Walkers came up with songs like “Little Kitty”, “Striptease!” and “Sha La La La” for an audience of very young girls.
In front stood Torben Lendager as the king of curling irons with bare bird breasts, cigarette-thin thighs in tight satin and far from the world’s biggest voice.
But the girls were crazy about him. They dropped out of school and besieged his front door for days. Walker dominated pop magazines such as We Young and Go, and the band occasionally had to be escorted home from concerts by police.
During that period, Walkers was the hottest on the Danish music scene.
The era of glam rock, however, faded again along with the satin pants, and Walkers parted ways in 1977.
But Lendager had, since he was a little nørrebro boy, only wanted to play music. So he drove on with his own solo records in a more Danish-pop style and with fluctuating success.
At the same time he wrote Danish top and melody grand prix songs for Peter Belli, Grethe Ingmann and Tommy Seebach.
The biggest genre leap probably came with “Dear little grandmother”, which Lendager did not want to record himself. Instead, it was immortalized by Richard Ragnwald.
The song was also later recorded by the Swedish Vikings among several Lendager songs.
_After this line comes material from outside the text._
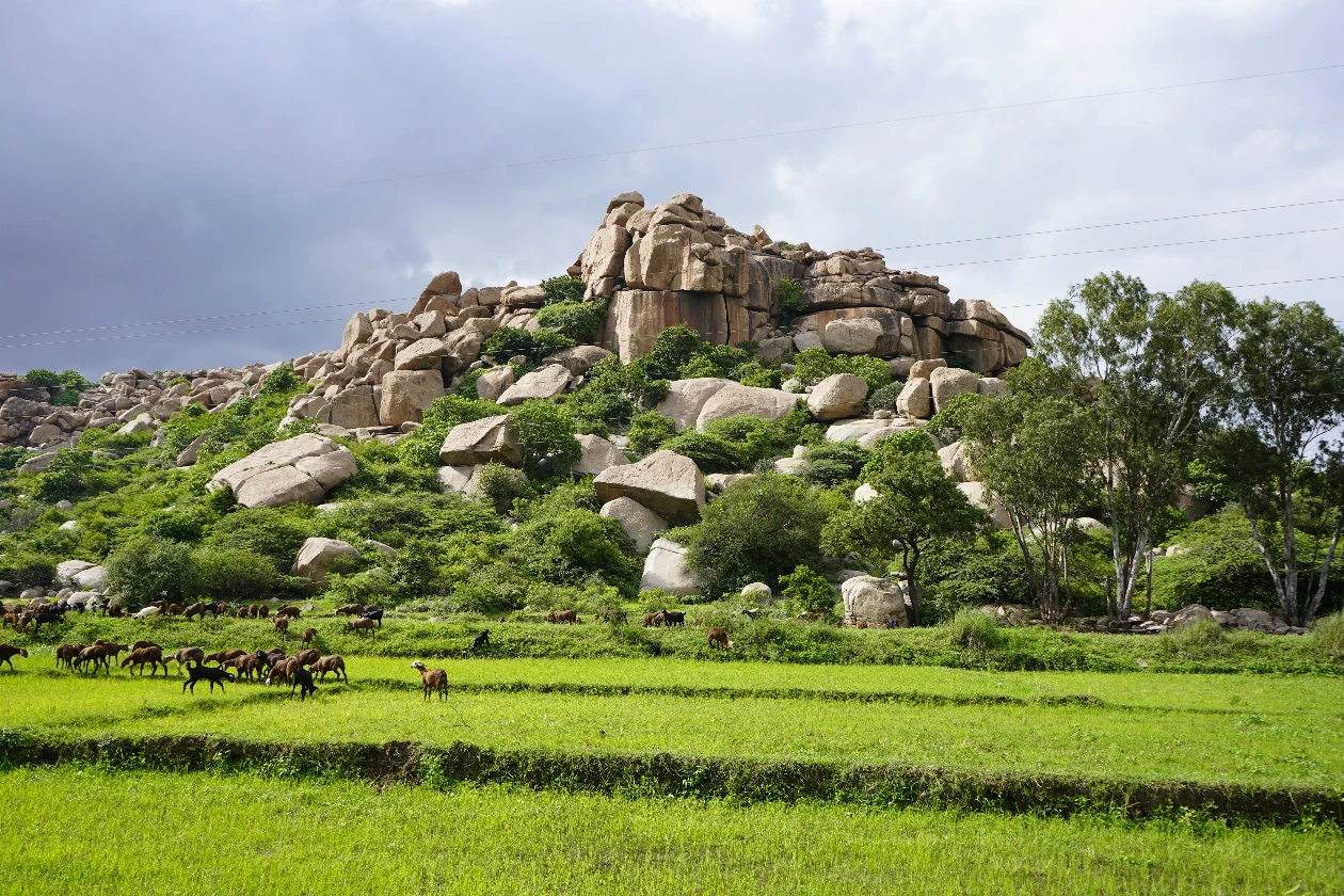 Rocky terrain, lush greenery, and the Tungabhadra River.

He was also the man behind, among other things, Lonnie Devantier’s Melody Grand Prix winner “Hello, Hello” in 1990.
In 1997 he started Torben Lendager Band with his own songs as well as new and old cover hits. And in 2009, he restored Walkers together with the now deceased drummer Poul Dehnhardt.
Along the way, Lendager also overcame a bilateral lung cancer after decades of 60 daily smokes.
But the music continued to play.
And self-confidence and the cash register even got a much-needed boost when the Dutch eurodance group Vengaboys in 2000 suddenly made an international hit out of Walkers & apos; ancient “Sha La La La”.
Torben Lendager’s career started at the top of a peak he has never reached again since.
But even when he has had to play for the unemployment benefits at a nursing home along the way, he has stated that he has never stopped loving performing.